For more information on the data pipeline, check out this paper: https://cran.r-project.org/doc/contrib/de_Jonge+van_der_Loo-Introduction_to_data_cleaning_with_R.pdf
Let’s now dive into the specifics. Below we cover eleven techniques for making data easier to work with.
Let’s think about how we can transform data into formats that are easy to work with. Conceptually, we can think of a dataset as a matrix with data points as rows and variables (features) as columns.
We could choose to extract certain rows from the matrix and ignore others. Similarly, we could focus our attention on certain columns and ignore the rest. We could also combine matrices with each other, perform mathematical transformations on them, or attempt to summarize their contents. These operations make up the vocabulary of data manipulation.
We’re going to look at each of these tools in detail and see how they can be implemented in R using both builtin functions and the dplyr package. For those who know SQL, examples are also provided using sqldf, an R library that allows SQL querying on R objects.
library(dplyr)
library(plyr)
library(sqldf)
dat <- iris
Filtering is selecting a subset of a data frame’s rows. This is a way of capturing only those rows (data points) that satisfy a certain property. This is useful if you want to ignore data points that won’t be useful for your analysis, or separate out specific data points that might be especially useful.
#filtering
example <- dat[which(dat$Sepal.Length>6),] #base function
example <- dplyr::filter(dat, Sepal.Length > 6) #dplyr function
example <- sqldf("SELECT * FROM dat WHERE [Sepal.Length]>6") #sql WHERE clause
Subsetting is selecting a subset of a data frame’s columns. You’d use subsetting when you want to capture only part of the attributes of each data point. Use subsetting when you want to focus on specific variables in the data and ignore those variables that are irrelevant.

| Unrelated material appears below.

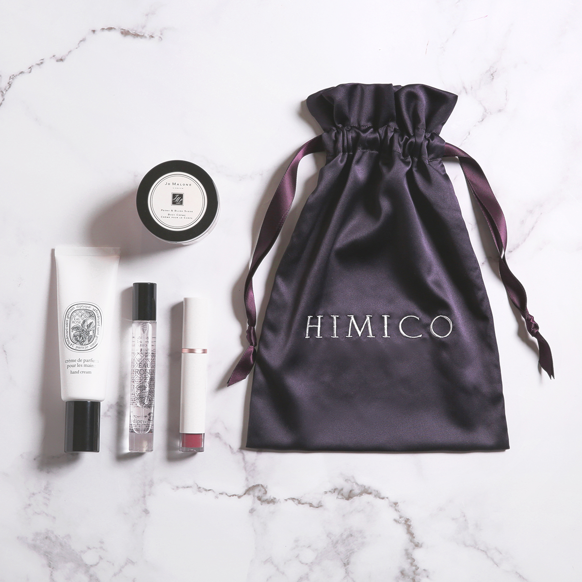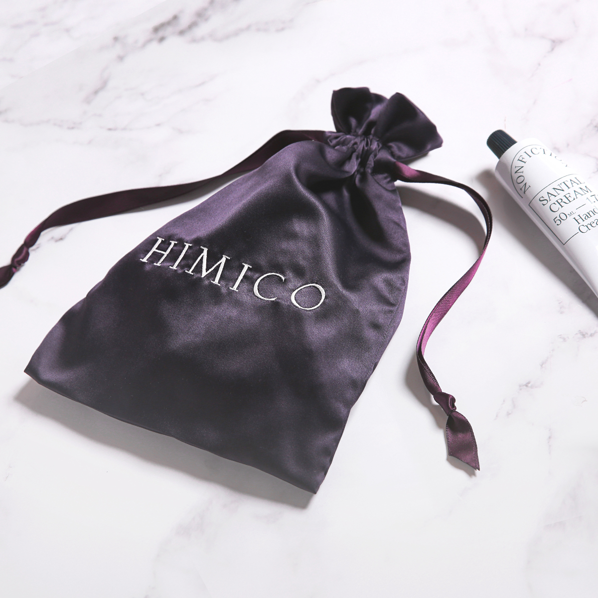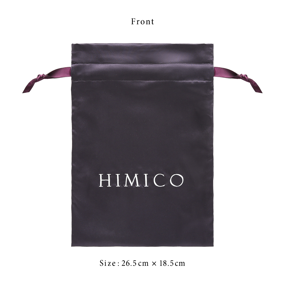 上品に艶めくサテン生地にホワイトのロゴを入れた、大人の気品漂う巾着タイプのポーチです。旅行やお泊りなど使い場所を選ばないシンプルかつ高級感のあるデザインに仕上げました。
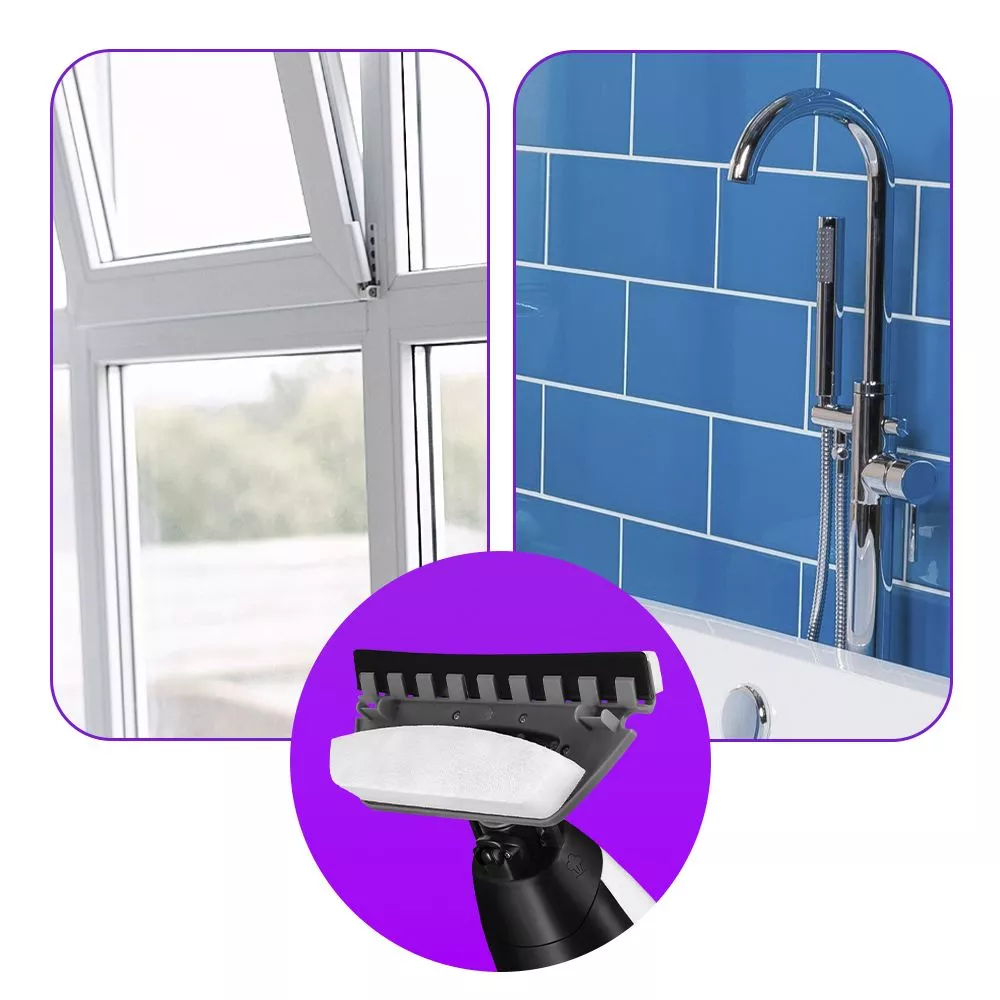 Устройство имеет функцию вертикального отпаривания, это удобно для очистки окон и кафельной плитки. В комплекте предусмотрена специальная насадка для отпаривания со скребком. Также её можно использовать с тряпкой для отпаривания, чтобы отпаривать одежду.

Subsetting will come in handy in a few lectures when we discuss things like feature selection and model optimization.
#Subset selection
example <- dat[,c(1,3,4)] #Matrix notation
example <- dat[c(1,3,4)] #List notation
example_1 <- dplyr::select(dat, c(1,3,4)) #dplyr select
example_2 <- dplyr::select(dat,Sepal.Width) #dplyr select
example<-sqldf("SELECT [Sepal.Length] FROM dat")#sql SELECT clause
Merging is used when you want to glue two data sets together. You can do this in one of two ways:
Combine the data sets by column. This results in the two datasets pasted side-by-side, combined into a single data frame.

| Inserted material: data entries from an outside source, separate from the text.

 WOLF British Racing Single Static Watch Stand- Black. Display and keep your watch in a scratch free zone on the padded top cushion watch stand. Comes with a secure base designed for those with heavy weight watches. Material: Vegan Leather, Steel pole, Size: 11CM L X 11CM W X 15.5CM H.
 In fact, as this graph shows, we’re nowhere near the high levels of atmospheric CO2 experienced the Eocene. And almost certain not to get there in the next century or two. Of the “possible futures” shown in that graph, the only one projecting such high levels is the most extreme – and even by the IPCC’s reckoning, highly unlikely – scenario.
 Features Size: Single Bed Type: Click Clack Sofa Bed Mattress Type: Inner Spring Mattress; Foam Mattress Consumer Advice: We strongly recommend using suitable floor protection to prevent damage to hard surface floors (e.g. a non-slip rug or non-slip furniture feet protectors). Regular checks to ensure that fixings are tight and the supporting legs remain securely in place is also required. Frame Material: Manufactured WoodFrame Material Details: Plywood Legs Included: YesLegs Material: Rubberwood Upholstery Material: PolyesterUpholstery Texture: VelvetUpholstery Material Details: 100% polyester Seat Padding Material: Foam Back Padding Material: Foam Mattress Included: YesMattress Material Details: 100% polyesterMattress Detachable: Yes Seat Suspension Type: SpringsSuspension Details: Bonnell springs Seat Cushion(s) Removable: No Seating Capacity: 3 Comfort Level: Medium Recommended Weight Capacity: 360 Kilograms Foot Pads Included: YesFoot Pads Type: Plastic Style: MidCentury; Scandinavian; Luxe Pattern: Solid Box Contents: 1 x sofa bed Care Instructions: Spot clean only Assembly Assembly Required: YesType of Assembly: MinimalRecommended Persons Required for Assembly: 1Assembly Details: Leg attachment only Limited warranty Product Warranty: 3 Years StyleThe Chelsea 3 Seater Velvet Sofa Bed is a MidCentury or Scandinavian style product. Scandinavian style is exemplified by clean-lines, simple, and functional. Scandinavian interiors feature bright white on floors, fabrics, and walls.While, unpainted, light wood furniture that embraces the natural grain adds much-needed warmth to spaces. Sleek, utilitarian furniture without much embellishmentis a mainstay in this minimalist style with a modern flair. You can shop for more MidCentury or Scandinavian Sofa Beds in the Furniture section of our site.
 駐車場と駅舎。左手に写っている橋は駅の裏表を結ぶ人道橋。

Combine the data sets by row. This results in a long dataset in which the first group of rows belongs to the first dataset and the second group of rows belongs to the second dataset.
#Combining datasets
ind <- c(1:nrow(dat))
example_1<-cbind(ind,example_1) #combine by column
example_2<-cbind(ind,example_2)
weird_example <- rbind(example, example) #Combine by row
Joining is a variant of merging that takes an extra step: it fuses together rows that have the same value for a column. This is useful for combining two tables that refer to different parts of the same data. In the example below, the tables are related by the variable ind
.
#Joining (think VLOOKUP)
example <- merge(example_1,example_2,by='ind') #base R function
example <- plyr::join(example_1,example_2,
by='ind',type='left') #plyr join
example <- sqldf("SELECT * FROM example_1 LEFT JOIN example_2 ON example_1.ind=example_2.ind") #sql join
Mutating applies an operation to every element in a data frame. You can think of it as a more general version of the apply
functions encountered earlier. Mutation is useful when you want to apply mathematical operations to every element in a column or every row in a data frame.
We’ll see that mutation is useful for things like standardizing and normalizing, which are in the Data Cleaning Toolbox section below.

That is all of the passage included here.